● INFORMATION GIVEN
--------------------------------

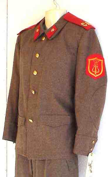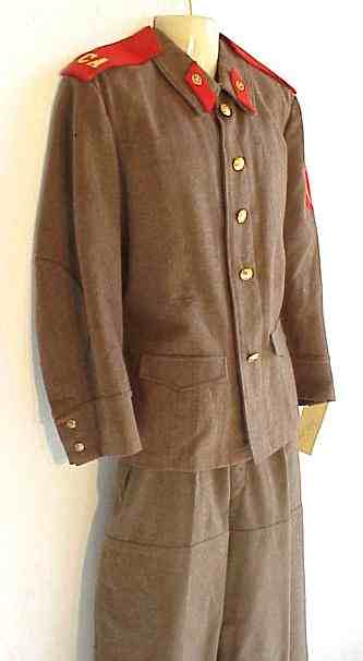 unique collectible item reminiscent of the Cold War. The Uniform featured below was constructed from modifed German military surplus. Both of the shoulder tops feature "CA" a Russian acronymn. The side of one arm features a marksman related badge and the front of the uniform top has gold stars. The shoulder tops and patch were custom made for the film. |
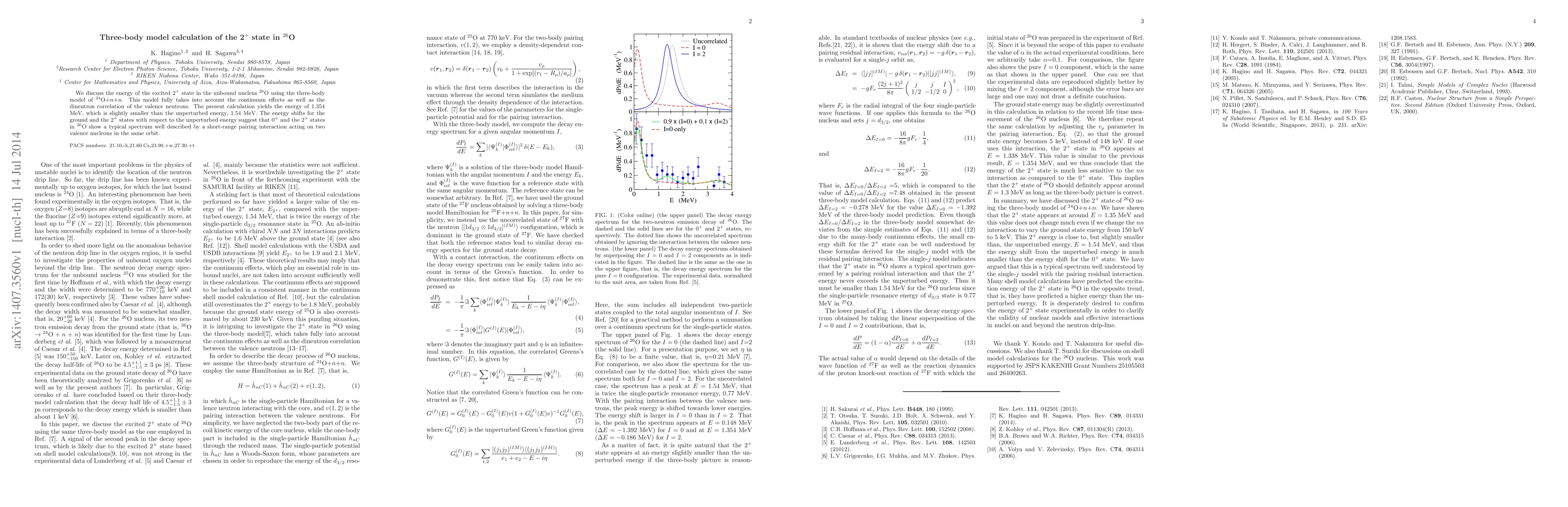 The research applies a three-body model to calculate the energy of the excited 2+ state in the unbound nucleus 26O, using the 24O+n+n system. The model considers continuum effects and dineutron correlation of valence neutrons, yielding an energy of 1.354 MeV, slightly less than the unperturbed energy. The findings suggest that the ground and 2+ states in 26O exhibit a typical spectrum, well-described by a short-range pairing interaction on two valence nucleons in the same orbit.
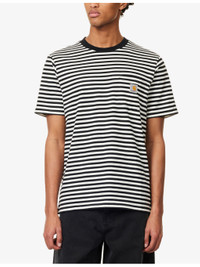 PRODUCT DETAILS - Carhartt WIP cotton t-shirt - 100% cotton - Relaxed fit, crew neck, short sleeves, brand patch and pocket at chest, all-over stripe - Machine wash at 30°C - Model is 6ft 2in/1.88m and wears a size medium - Lightweight, stretchy Ref: R04560699
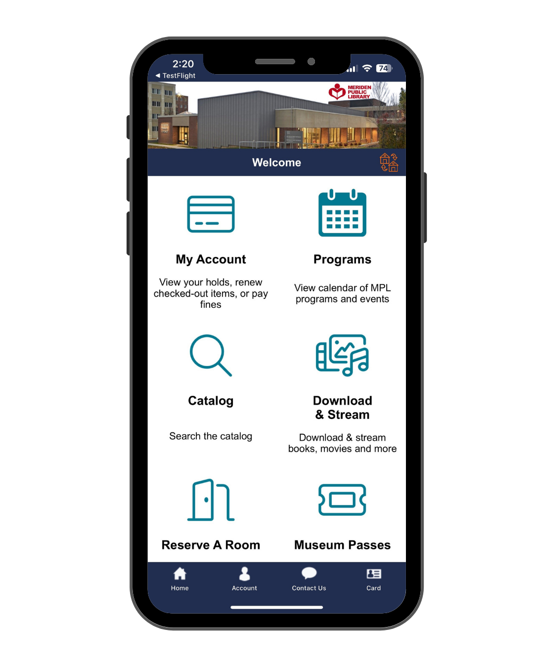 Download our free app that lets you access your digital library card, search for materials, place holds, renew items, register for programs and more!
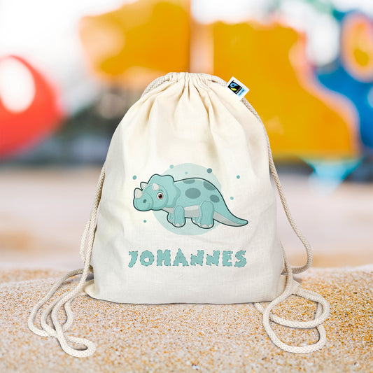 Turnbeutel aus Bio- Baumwolle mit Name | Dino 1 Triceratops
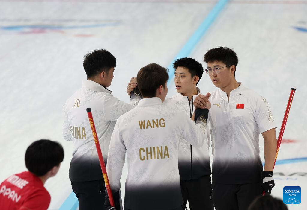 Xu Xiaoming, Wang Zhiyu, Fei Xueqing and Li Zhichao (L to R) of China celebrate after the curling men's round robin group B session 13 match between Japan and China at the 9th Asian Winter Games in Harbin, northeast China's Heilongjiang Province, Feb. 12, 2025. (Xinhua/Hu Xingyu)
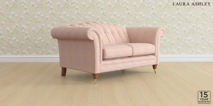 6.12.1 Buy Gloucester Button Back by Laura Ashley 2 Seater Small Sofa Edwin Chenille Blush Pink Low Brass Castor - Teak from the Laura Ashley online shop Click here to use our website with more accessibility support, for example screen readers
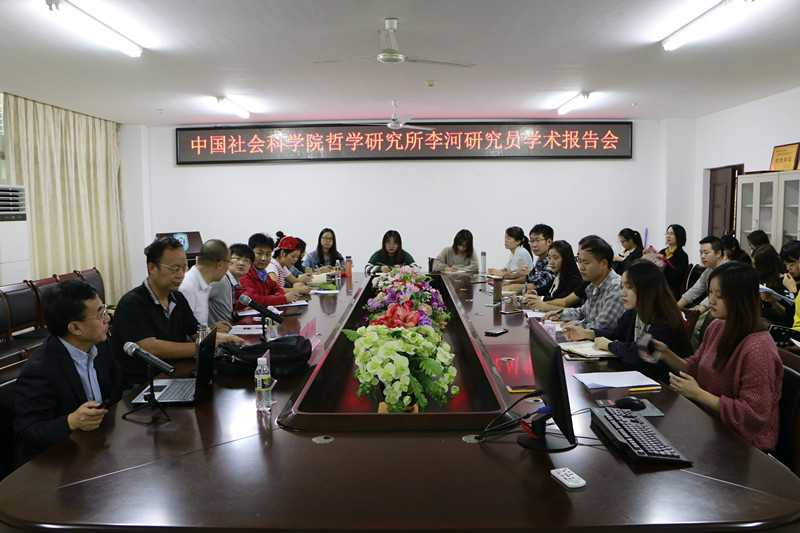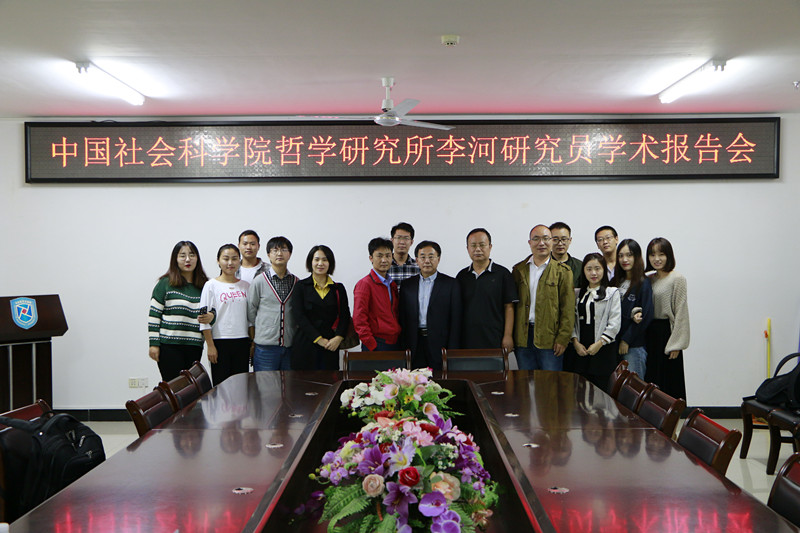 11月20日上午,今年会官方网站在社科楼311会议室召开了主题为“文明冲突与中国道路”的学术报告会。此次报告会邀请了中国社会科学院哲学所、现代外国哲学研究室李河研究员为主讲嘉宾,我院副院长王善担任主持,学院全体在校研究生和部分老师共同参与。

--------------------------------

● WHAT IS REQUIRED
Restate word for word only the lines that run from the line holding "Turnbeutel aus Bio- Baumwolle" to the end of the data, both ends kept, leaving every picture out.

● RESPONSE TO THIS TASK
 Turnbeutel aus Bio- Baumwolle mit Name | Dino 1 Triceratops
 Xu Xiaoming, Wang Zhiyu, Fei Xueqing and Li Zhichao (L to R) of China celebrate after the curling men's round robin group B session 13 match between Japan and China at the 9th Asian Winter Games in Harbin, northeast China's Heilongjiang Province, Feb. 12, 2025. (Xinhua/Hu Xingyu)
 6.12.1 Buy Gloucester Button Back by Laura Ashley 2 Seater Small Sofa Edwin Chenille Blush Pink Low Brass Castor - Teak from the Laura Ashley online shop Click here to use our website with more accessibility support, for example screen readers
 11月20日上午,今年会官方网站在社科楼311会议室召开了主题为“文明冲突与中国道路”的学术报告会。此次报告会邀请了中国社会科学院哲学所、现代外国哲学研究室李河研究员为主讲嘉宾,我院副院长王善担任主持,学院全体在校研究生和部分老师共同参与。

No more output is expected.